In our group insurance and PAMCO operations alone, we have more than a
hundred major applications in development or under maintenance.  Our annual
budget for systems applications runs into the many hundreds of millions of
dollars.  If I'd had time to research it, I'd daresay we're upwards of a
billion annual.

Notwithstanding that big investment, we have not pursued patents within
Prudential, we haven't stockpiled them.

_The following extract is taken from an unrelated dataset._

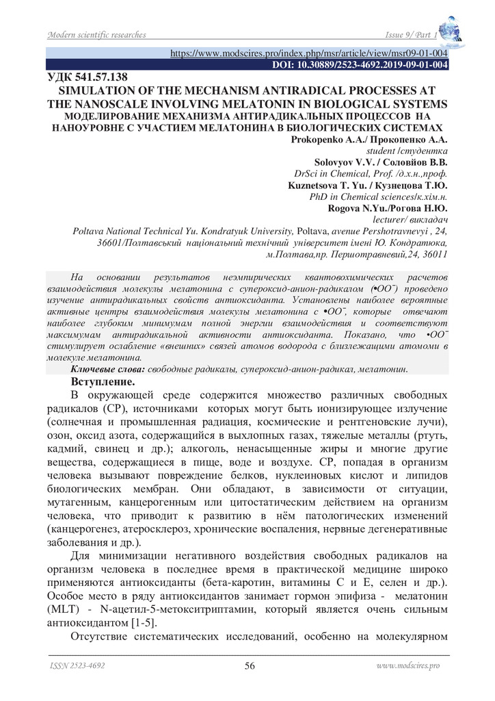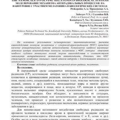 Стаття 2019/12/09Моделирование механизма антирадикальных процессов на наноуровне с участием мелатонина в биологических системах

And I asked our patent lawyer how
many he was aware of, he knew of none.

I was interested in the picture painted yesterday, the big guy against the
little guy, as I said, we have not been using these as a tactic, and we may
well have to turn to that.

In my little business, when confronted with this patent I have only a few
very unpleasant options.  I can shut myself down, I can spend a lot of money
on lawyers, pursue royalty litigation or litigation to get rid of the patent
or I can pay a royalty which is what I see as nothing more than a ransom,

THE PTO re_examination process was not available to me for the reasons that
Lee Patch mentioned this morning.

Now, I only have two more brief paragraphs with my suggestions, but they're
echoes of what you have heard already today.  You need to introduce rigor
into your research of prior art.  People like us are available to you, you
ought to seek us out and learn a little bit from the community that is
affected by the patent application.  I agree with those comments
wholeheartedly.  I am not a patent lawyer.  It was obvious to me that that's
something you need to do, and I applaud these hearings as a first step in
hearing about that sort of thing.

I don't see the software patenting issue as the real issue, I see the real
issue is research into obviousness and newness.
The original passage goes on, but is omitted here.